There is a good review of the first edition of this book here on Slashdot. For this second edition, I would add that Welling and Thomson have updated extensively and improved slightly a book that may well be the classic text on the topic.

PHP and MySQL are probably the most pervasive add-ons to Apache web servers across the web. Certainly they are both easy to acquire and common on a large range of web hosting systems, including several extremely low-cost ones. They also fit together extremely well.

This book demonstrates just how well. It starts out with a quick course in PHP (OK, 160 pages is hardly quick but it seems to move along at a good pace), follows it up with a brief look at MySQL before a short digression on E-commerce leads into building authentication and secure systems with the two tools (a marvelous place to start when you're thinking about commercial-grade web systems).

Then, after some more on PHP, the final section covers some large projects, a shopping cart, email service, mailing list manager and web forums. The final chapter in this section is new for this edition and covers XML and SOAP.

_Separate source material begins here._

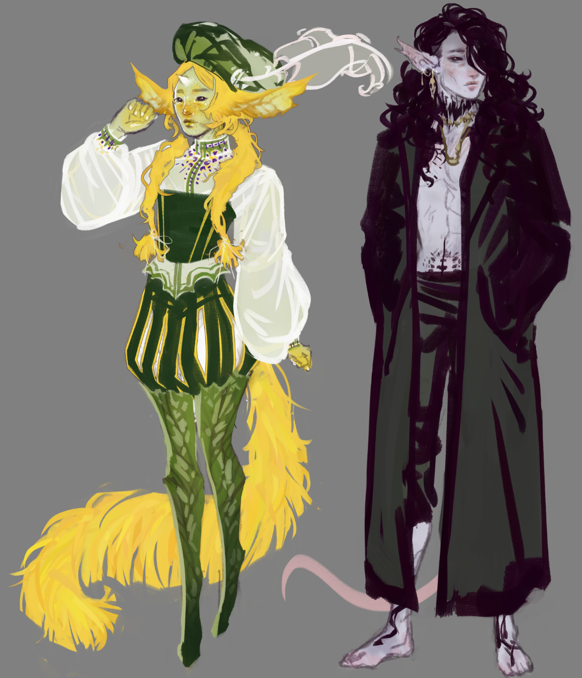 the fey ocs I’ve been working on!!!! updating old designs first one is Pien Duskmeadow, formerly an eladrin twilight druid/ celestial warlock and now………… something else? possibly a bard or artificer.. They are a fashion enjoyer and tailor! (currently working on their seasonal forms and clothing design) second is Slieka (temporary name, hopefully. it means earthworm), a hexblood long death monk! A grave robber and bone enjoyer (currently struggling with their tattoo designs, especially what words to use on their knuckles) (he/they for both)
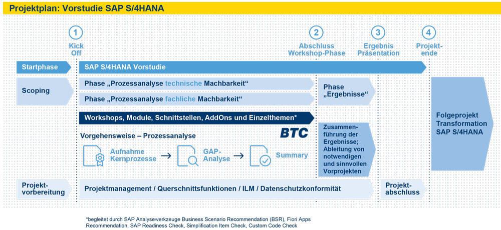Les valeurs de points déterminées dans la matrice de scoring donnent un modèle de décision à différents niveaux - différencié selon l'environnement système, les processus commerciaux, les interfaces, les données de base et les données de mouvement, les add-ons/modifications. Le résultat de l'étude préliminaire est un profil de transformation compréhensible pour l'entreprise concernée - précisément hiérarchisé et pondéré selon le type de greenfield ou brownfield.

The new edition has been updated extensively. All scripts work now perfectly in PHP 4.3

I like this book a great deal. Even after a fair amount of time with the previous edition I still find it useful. It is well structured for finding what you need, well written, and has few typos. (Though there are still some, including ones in code examples -- when will authors learn to work straight off running code into the manuscript and keep godforsaken editors away from it? Brian Kernighan managed it twenty-five years ago.)

This would not be the best book if you had little programming experience, nor would it be the best book if you had a fair amount of PHP experience.

You will want to have some program design experience and preferably some experience with database design as these are given short shrift. The book also lacks examples and discussion of some of the less database intensive parts of PHP and some of the more obscure tasks you may need to perform. It covers what someone who has programmed before needs to know about both PHP and MySQL while informing on methods of using both to build practical and sturdy web applications. If that sounds like the book you want then I heartily recommend this volume to you.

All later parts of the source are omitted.